L’individu va donc vous demander de vous authentifier de nouveau sur le faux site et aura en main toutes les informations pour se connecter de son côté directement sur le vrai site de l’institution bancaire. Le cyberfraudeur va désactiver les notifications de sécurité sur votre compte, il va changer votre mot de passe sur le site bancaire et commencer à ajouter des bénéficiaires, passer des transactions et exécuter des virements. Tout cela, en continuant à se confondre en excuse pour la gêne occasionnée par ladite « migration ». En quelques heures, des transactions pour plusieurs dizaines, voire centaines de milliers de dollars seront exécutées.
En conclusion, la vigilance est toujours votre premier atout. Toute situation inhabituelle demande la double validation par des processus fiables que vous pouvez vérifier, appeler directement le numéro de la banque inscrit derrière votre carte de guichet, demander à parler aux gestionnaires de compte que vous connaissez afin qu’ils vous aident à authentifier et comprendre la situation. Ce faisant vous allez responsabiliser la banque.

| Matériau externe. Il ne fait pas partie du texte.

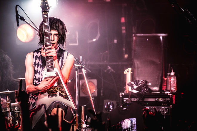 ステージを縦横無尽に翔けるCazqui(7strings)による、ノスタルジックさを内包したシュレッドプレイは随所で強い存在感を放っており、轟音の壁を麗しく・激しく創り上げるDaichi(guitar)とのハー モニーにも磨きがかかっている。この2人の掛け合いが強いタッグ意識の元に成立している事は、「FATE」が顕著に物語っていた。
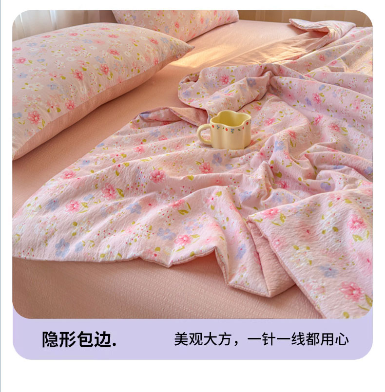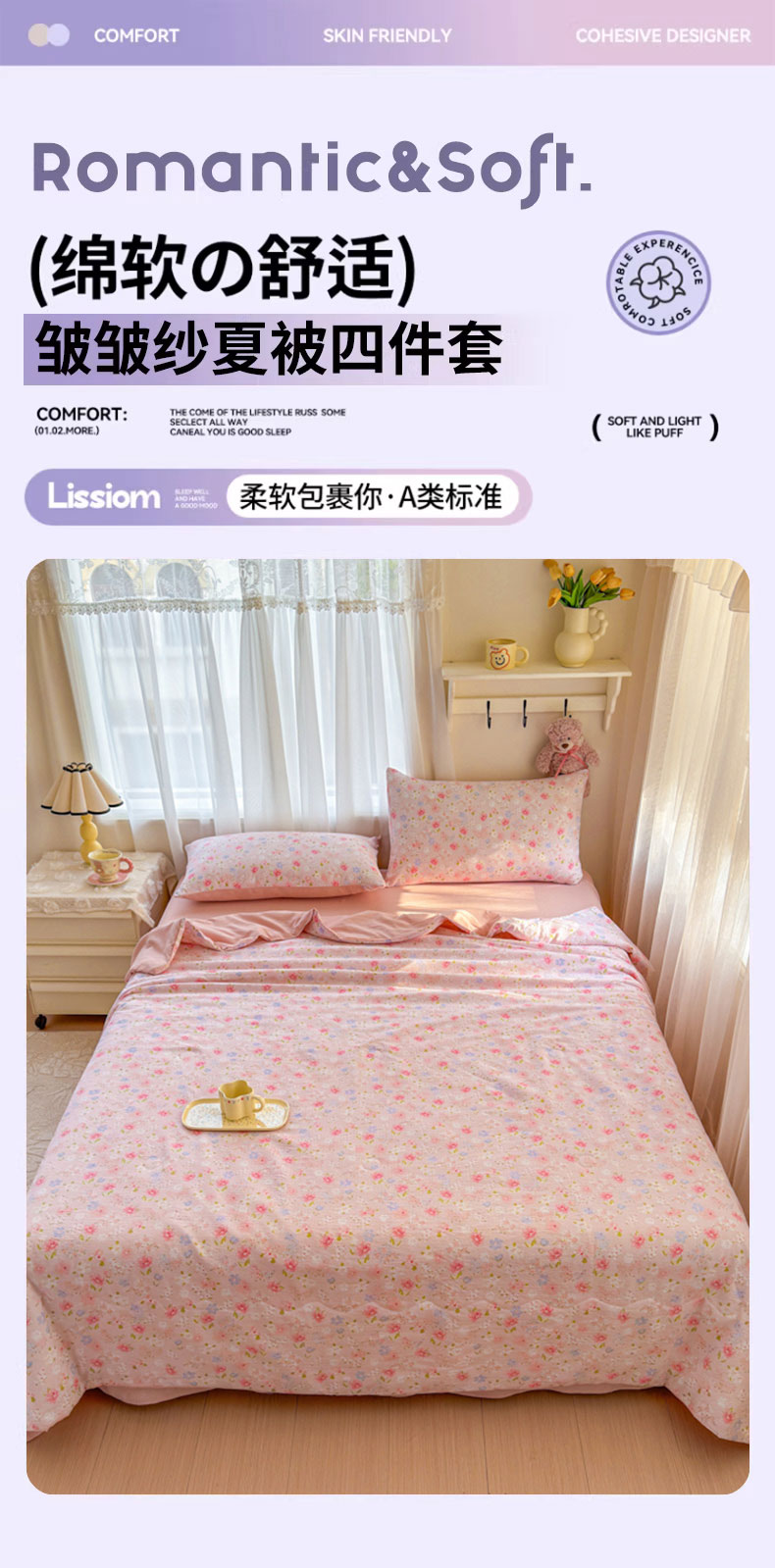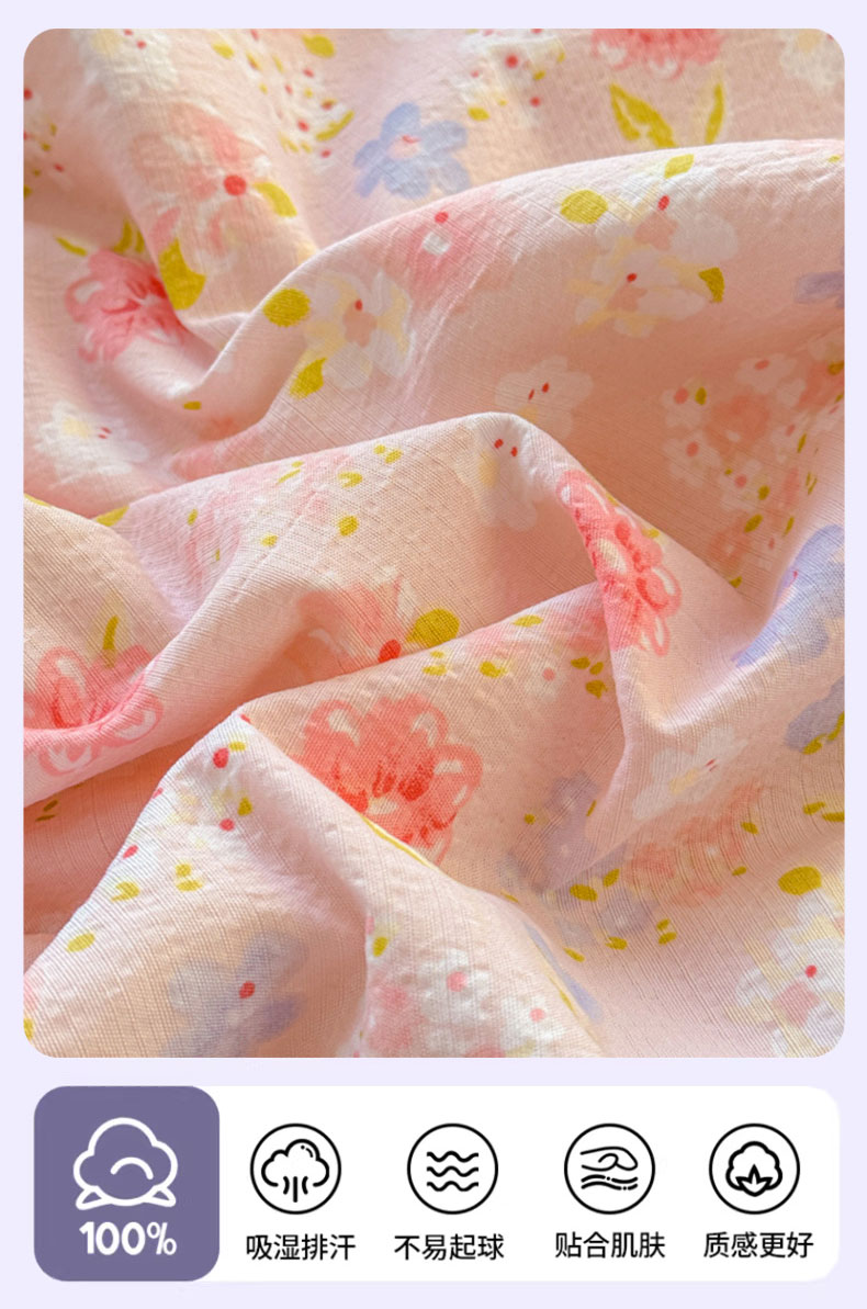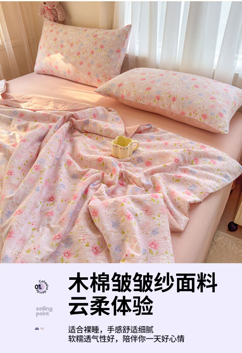 当前位置: 91家纺网 > 商品网购 > 床品套件 > 四件套 > 夏被四件套 > 梵希雅 2026新款A类木棉皱皱纱夏被 樱粉星野

N’oubliez pas que ces fraudeurs disposent de beaucoup d’information, que votre empreinte numérique ou digitale persona divulgue. Beaucoup d’information sur nous tous sont disponibles sur le darknet, les bas-fonds du web, et nous ne voulons pas y croire. La question du « Pourquoi moi ? » n’a jamais été aussi inutile et insignifiante qu’aujourd’hui. La rentabilité de la cyberfraude, évaluée par la firme Trustwave, à plus de 1400%, permet de nous transformer tous en victime lucrative. Alors, ouvrons l’œil.